The recent dramatic improvements in high-resolution mass spectrometry (MS) have revolutionized the speed and scope of proteomic studies. Conventional MS-based proteomics methodologies allow global protein profiling based on expression levels. Although these techniques are promising, there are numerous biological activities yet to be unveiled, such as the dynamic regulation of enzyme activity. Chemical proteomics is an emerging field that extends these types proteomic profiling. In particular, activity-based protein profiling (ABPP) utilizes small-molecule probes to monitor enzyme activity directly in living intact subjects. In this mini-review, we summarize the unique roles of smallmolecule probes in proteomics studies and highlight some recent examples in which this principle has been applied.

Keywords

INTRODUCTION

At the beginning of the new millennium, the Human Genome Project (HGP) released the complete human genome sequence (1,2).
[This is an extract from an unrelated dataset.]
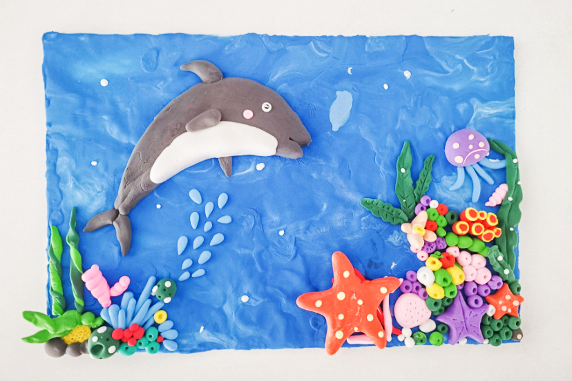 通过黏土捏制鲨鱼、海豚、鲸鱼等水生动物,营造水生生物生活场景,了解水生生物知识。

This milestone in 21st century biomedical research diverted research interests toward large-scale “omics” approaches, shifting away from the functional study of single genes or proteins to system-wide studies within the entire genome or proteome. Many technical advances were developed to support these demands, and analytical methodology has developed dramatically. For instance, the initial HGP began in 1990 and took a decade to collect the full sequence of a single human sample; however, next-generation sequencing techniques enable whole genomes to be sequenced within two weeks (3). These unprecedented advances in genomics were facilitated by the intrinsic characteristic of DNA/RNA base pairing utilized for PCR amplification and massive parallel analysis. Moreover, large-scale proteome-wide analyses have fundamental hurdles: no method is available to amplify specific proteins, and current mass spectrometry (MS)-based profiling technology has a relatively narrow dynamic range. Accordingly, while huge amount of raw genome sequence data is available, most of the gene products have biological functions that are not fully understood; whether all of the coding sequences are translated to gene products (proteins) also remains unclear. Furthermore, considering alternative splicing and post-translational modifications (PTM), the system-wide functional annotation of a proteome is complex task. To address this challenge, proteomics should identify the biological functions of all proteins in a living organism.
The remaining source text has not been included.